Sample results from $3$ runs (each run with a different random weights, thus different $\mathcal{M}_1$)

SSVM: F1 (0.812, 0.016), pairsF1 (0.574, 0.028), Tau (0.757, 0.019)
SSVM: F1 (0.745, 0.018), pairsF1 (0.500, 0.029), Tau (0.697, 0.020)
SSVM: F1 (0.772, 0.019), pairsF1 (0.544, 0.030), Tau (0.726, 0.021)

Multi-label effects on SSVM and RankSVM

Some thoughts:

Multi-label hurts SSVM as we have multiple labels given an example (a feature vector).
On the other hand, as the label of example (a POI and query specific feature vector) for RankSVM is computed by counting the number of occurrence of the POI in trajectories that conform to the query, it seems there's no multi-label problem in RankSVM training.

Experiment

Experiment on generated dataset (single label for an example/query)
Both POI and transition features are scaled linearly to $(-1,1)$ using MinMaxScaler
$C$ is tuned using Monte-Carlo CV at the beginning and keeped the same for all leave-one-out CV
$C$ for SSVM, SSVM without transition features and the $C$ for RankSVM are tunned seperatly
Prediction inference in SSVM is the list Viterbi algorithm
This experiment is performed in notebook generated_data.ipynb

Conclusion

When features are computed from the original dataset (with duration related features), NOT the generated dataset, SSVM performs better than RankSVM, sample results:

RankSVM:           F1 (0.597, 0.011), pairsF1 (0.248, 0.012), Tau (0.507, 0.011)
SSVM:              F1 (0.883, 0.014), pairsF1 (0.667, 0.027), Tau (0.843, 0.017)
SSVM-NoTransition: F1 (0.827, 0.015), pairsF1 (0.510, 0.021), Tau (0.775, 0.015)

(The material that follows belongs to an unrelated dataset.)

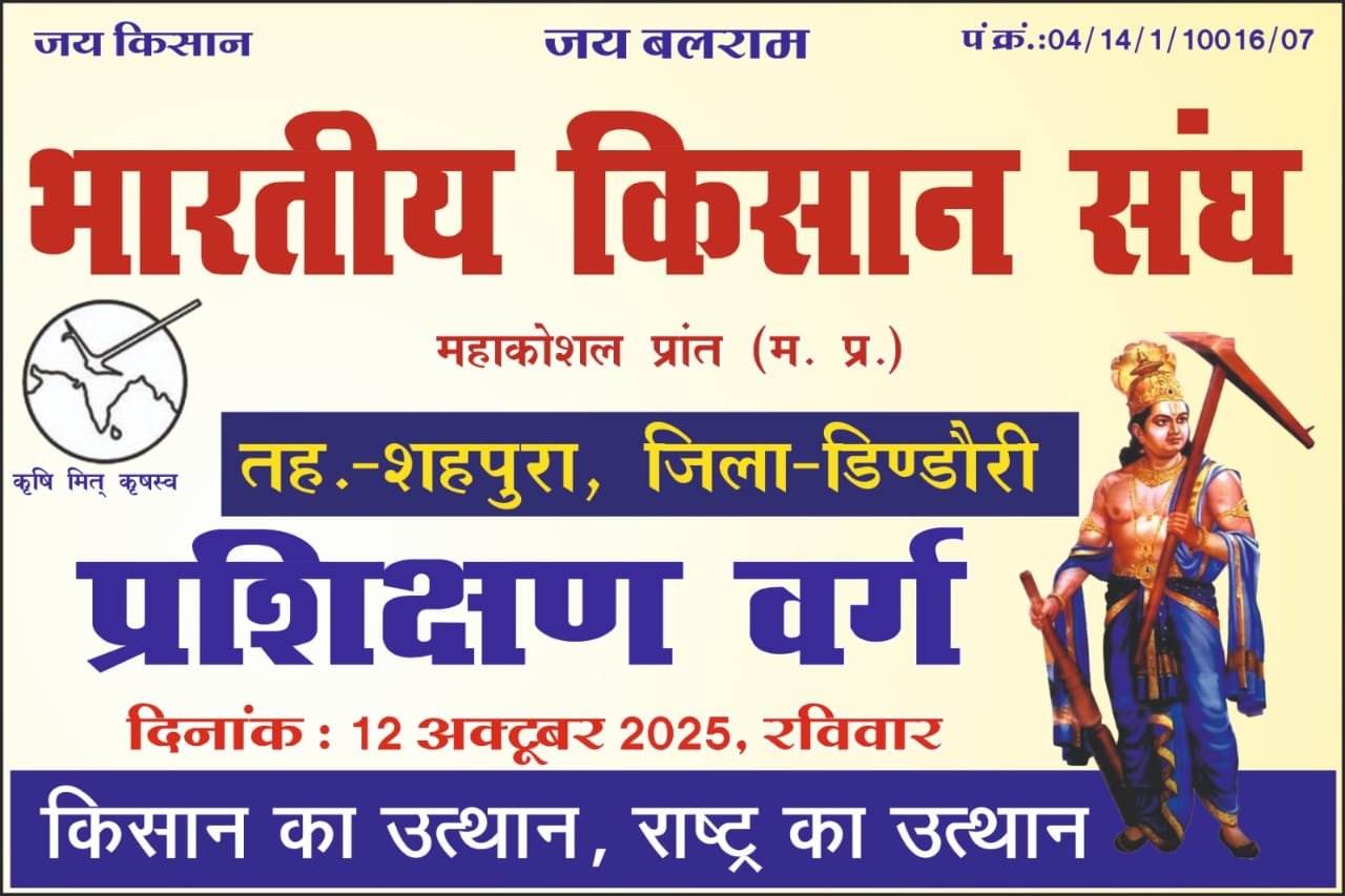 किसान संघ के जिलाध्यक्ष बिहारी लाल साहू ने बताया कि दिनांक 12.10.2025 रविवार को प्रशिक्षण वर्ग चार चरणों में आयोजित होगा जिसके अंतर्गत किसानों को भारतीय किसान संघ के रीति नीति,कार्य के आयाम और किसानो के अधिकारों और समस्याओं को लेकर विस्तार से चर्चा किया जाएगा।

When features are recomputed from the generated dataset (so NO duration related features), RankSVM performs better than SSVM, sample results:

RankSVM:           F1 (0.903, 0.012), pairsF1 (0.612, 0.023), Tau (0.858, 0.013)
SSVM:              F1 (0.865, 0.016), pairsF1 (0.607, 0.026), Tau (0.822, 0.017)
SSVM-NoTransition: F1 (0.869, 0.017), pairsF1 (0.589, 0.026), Tau (0.819, 0.018)

Transition feature scaling

Experiment

Scale transition features, i.e. the log probabilities factorised according to a number of features, to range $(-1,1)$ linearly.
The Osaka dataset is used and the performance is evaluated using leave-one-out cross validation.

Conclusion

SSVM with RankSVM weights

Experiment

This experiment plug the weights of a trained RankSVM, i.e. a vector $w$ and $|w|$ is the number of POI (and query) features, in SSVM and do prediction, this means we ignore transition features and tie weights among different POIs.
A dedicated notebook ssvm_ranksvm_weights.ipynb is created for this experiment.

Conclusion

We found that SSVM with RankSVM weights performance very similar to RankSVM, in fact, when using the list Viterbi algorithm, the predicted trajectory given any query (in leave-one-out cross validation) contains the exactly same set of POIs as the predition by RankSVM, except the visiting order of these POIs is different.
Features are scaled using MinMaxScaler (scikit-learn), and scaled to range $(-1,1)$ linearly, which is the scaling method used in RankSVM (the libsvm implementation).

Sample results:

As POI features for both RankSVM and SSVM are the same, so we can use the inference procedure of SSVM with RankSVM weights. (All transition features are set to zero)
The weights of RankSVM are computed from the leave-one-out, i.e., a vector of weights for each query in training set.
The dataset used here is Glasgow.
The performance of RankSVM:
F1 (0.767, 0.026), pairsF1 (0.553, 0.047), Tau (0.739, 0.030)
The performance of SSVM using the weights of the above RankSVM:
SSVM-Viterbi: F1 (0.713, 0.032), pairsF1 (0.575, 0.046), Tau (0.740, 0.031)
SSVM-listViterbi: F1 (0.765, 0.026), pairsF1 (0.550, 0.046), Tau (0.739, 0.030)

When the MaxAbsScaler was used, SSVM performed much worse.

SSVM vs RankSVM on generated dataset (Check if multi-label hurts)

Experiment

POI features and transition features are computed on Glasgow dataset, trajectories (i.e., labels) are from generated dataset (#trajectories=125).
POI and transition features are computed from generated data (NO duration related features)
Performance are evaluated using leave-one-out cross validation.
Regularisation parameter $C$ are tuned using Monte-Carlo cross validation at the beginning, then the same $C$ was used for all leave-one-out cross validations.
Prediction inference in SSVM is the list Viterbi algorithm
A dedicated notebook generated_data.ipynb is created for this experiment.

Conclusion

Neither SSVM nor RankSVM can achieve nearly perfect performance, which mean multi-label problem hurt both models.
RankSVM performs better than SSVM.

Sample results:

SSVM:    F1 (0.699, 0.015), pairsF1 (0.416, 0.021), Tau (0.643, 0.016)
RankSVM: F1 (0.881, 0.011), pairsF1 (0.572, 0.019), Tau (0.829, 0.012)